I nod. There are perhaps a dozen people in the room, but I am aware only of my follower. Seth gently takes my elbow and leads me through the doorway into the kitchen.
“Can I take your coat, Mr. Sachs?” he says.
“Yes. Thank you. Yes.”
I put the bottle on the kitchen table. It is crowded with beer bottles, I notice, and I begin to think I’ve committed a social error by bringing hard whiskey. The truth is, being forty-two years old, I am not invited to very many B.Y.O. parties. I take off my coat and hand it to Seth. He moves perhaps three steps to his left, and throws the coat through an open doorway, hopefully onto a bed. There are six or seven people in the small kitchen, most of them young, one of them a man slightly older than I, with a middle-aged paunch and a Chinaman’s beard. He is in deep conversation with a tall brunette in a short red dress and a floppy pink hat. Sara is not in the kitchen. The clock on the wall reads nine-thirty.
“Fix yourself a drink, why don’t you?” Seth says. “Then I’ll introduce you around.”
“Thank you.” I put two ice cubes into a large water glass, and fill it with scotch. I take a deep swallow. Then I take another one. From where I am standing near the kitchen table, I can see into the other room, but not to where the piano is. Seth is watching me. He is wearing the smile he wore the day Sara introduced us. Stupidly, I look at my watch.
“She’ll be here,” he says, “don’t worry.”
He takes me into the other room. There is a momentary silence as we enter, and I feel awkward and uncomfortable, but only until a new record drops into place, and there is music again, the rock-and-roll stuff Adam used to play day and night, the stuff David still plays constantly. The blonde laughs. In a lumpy easy chair near the front window, I see Epstein sitting, still wearing the hounds-tooth jacket and gray slacks he wore at Professor Raines’s house. Seth has my elbow. He is leading me toward the piano. The blonde stops laughing.
“Lucille,” Seth says, “this is Arthur Sachs.”
“Hello, Arthur,” she says. She is perhaps twenty years old. She is wearing a tan suede skirt, and her long legs are sheathed in dark brown tights.

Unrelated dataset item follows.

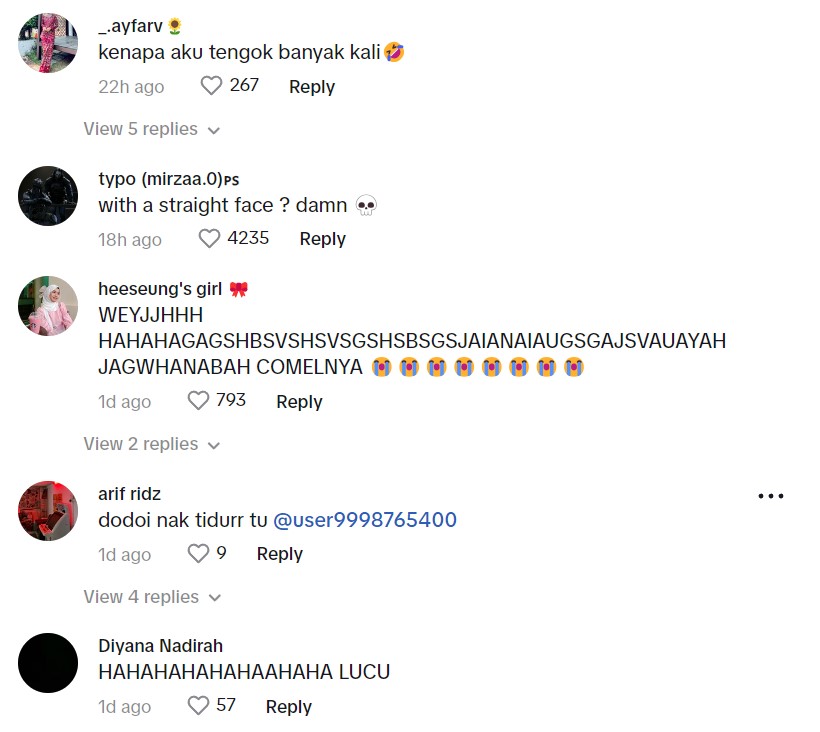 Menerusi tinjauan di bahagian komen, pelbagai reaksi diberikan netizen yang rata-ratanya terhibur dengan video berkenaan.

“And this is Davey,” Seth says, and my follower grins and extends his hand to me.
“That’s my son’s name,” I tell him. I have not yet taken his hand.
“Small world,” he says. His hand is still extended. It is a huge black hand with a pinkish palm.
“Small world,” I repeat, and I take his hand, and our eyes meet, and he is still smiling, and I am beginning to think I have made a mistake; perhaps he is not my follower, after all.
“I want another beer,” Lucille says, and rises abruptly. “Do you want a beer, Davey?”
“No, thank you, honey,” he says. We have terminated the handshake, but our eyes are still searching. The girl goes off into the kitchen where someone greets her in a loud voice. Seth goes across the room to talk to a black girl in a turtleneck shirt and faded jeans. Epstein is watching me from his easy chair, his hands folded across his chest. The window, backed by the blackness of the night outside, has become a large reflecting mirror. The room reverberates with voices.